ALL PERSONNEL SHOULD: • Know the GSFC Quality Policy • Know the requirements of applicable directives, from your organization’s Directives Requirements List.(Goddard Directives Management System (GDMS) at URL http://arioch.gsfc.nasa.gov/iso9000/index.htm) • Know who the GSFC ISO Management Representative is. (Richard Day) • Know your defined job responsibilities. (TA for Contractors; PD for Civil Servants) • Know if there are any Records associated with your work and be able to find them. GSFC/QMS Training 2003
GSFC/QMS Training 2003 ALL PERSONNEL SHOULD (Continued) • Know your organization’s objectives, and how your job contributes to the achievement of those objectives • Know how to access the GDMS, Directives Requirements List, controlled documents, and associated records for documents related to your work. • Know what to do if you are audited
GSFC/QMS Training 2003 PROGRAM AND PROJECT MANAGEMENT PERSONNEL SHOULD: • Understand and comply with the requirements of 400-PG-8730.3.1 • Be able to describe how you interact with your customer • Be able to describe how you measure customer satisfaction • Be able to describe how your organization’s goals map or contribute to the Code 400 Directorate goals. • Ensure that the QMS requirements applicable to the organization are communicated and understood throughout the organization.
GSFC Quality Policy Q: What is the GSFC quality policy? A: “ With customer satisfaction as our primary goal: • GSFC is committed to meeting or exceeding our customer's requirements • We achieve excellence in all of our efforts.” • You may be asked what this means to you in the performance of your job. • It will not have to be recited or paraphrased. • The GSFC Quality Policy is officially established in the GSFC Quality Manual (GPG 8730.3), and is unchanged since 1999. • The GSFC Quality Manual is located in the GSFC Directive Management System (DMS) at: http://arioch.gsfc.nasa.gov/iso9000 Effective Date: January 27, 1999
GSFC/QMS Training 2003 • Who is the QMS Management Representative? Richard Day His role, and that of the Quality Management System Council, are described in GPG 1060.1.

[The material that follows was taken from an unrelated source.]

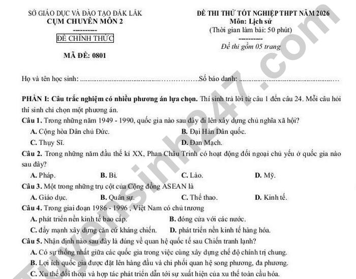 Đề thi thử môn Sử tốt nghiệp THPT 2026 - Cụm chuyên môn 2 Đắk Lắk Câu 4. Cho đoạn tư liệu sau đây: "Kết hợp sức mạnh dân tộc với sức mạnh thời đại, vì sự nghiệp dân tộc và nghĩa vụ quốc tế. Đấu tranh giữ vững hòa bình ở Đông Dương, góp phần gia giữ hòa bình ở Đông Nam Á, ở châu Á - Thái Bình Dương và trên thế giới, chống chính sách của các giới để quốc chạy đua vũ trang và gây nguy cơ chiến tranh hạt nhân, tranh thủ điều kiện quốc tế thuận lợi cho sự nghiệp xây dựng chủ nghĩa xã hội và bảo vệ Tổ quốc Phát triển và củng cố quan hệ đặc biệt giữa ba nước Việt Nam, Lào và Campuchia; đoàn kết và tôn trọng độc lập, chủ quyền của mỗi nước, hợp tác toàn diện, giúp đỡ lẫn nhau xây dựng và bảo vệ Tổ quốc". (Đảng Cộng sản Việt Nam, Văn kiện Đảng toàn tập, Tập 47, NXB Chính trị quốc gia, Hà Nội, 2006, Tr. 908).
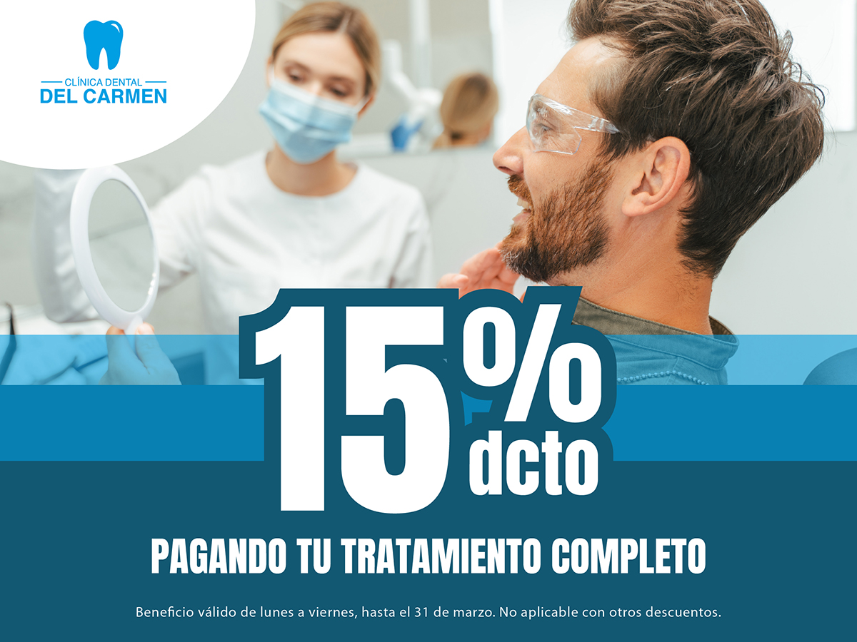 Obtén 15% de descuento pagando tu tratamiento completo y resuelve todo en un solo paso.

ISO 9001’s Governing Body at GSFC • The Center Director appoints the Management Representative (MR) and a Quality Management Council (QMSC) • the Management Representative interfaces between the general work force and the Center Director. This is a specific, ISO-required function, and you will be asked about by the auditors. • The QMSC includes a directorate-level representatives from each Goddard Directorate and each Code 100 organization that has a significant role in the QMS.

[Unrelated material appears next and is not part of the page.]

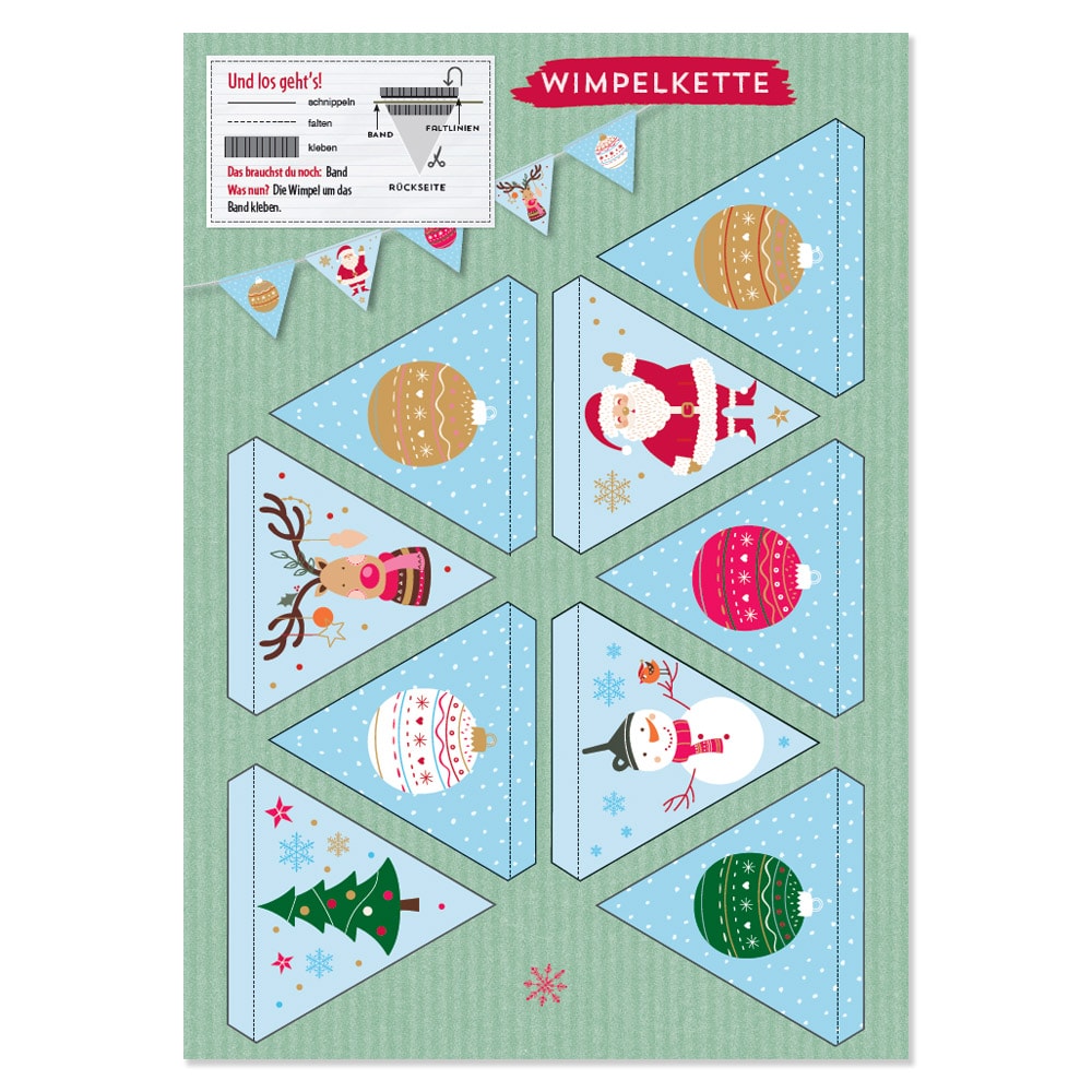 26 Blatt kunterbunter Bastelkarton mit Schnittvorlagen und Anleitungen für weihnachtliche Basteleien.

GSFC’s QMS Implementation • The QMS has been implemented such that it: • Reflects the way we actually do our work, changing as few things as possible. • Meets the requirements of ISO 9001
Who is in scope? Is anyone exempt? • Every organization in 400 is in scope. • Everything 400 programs and projects do in scope. • Some organizations at GSFC are out of scope. Examples: Health Unit, Security. • Some of the work of some organizations is in scope, and some is out. Example: Facilities.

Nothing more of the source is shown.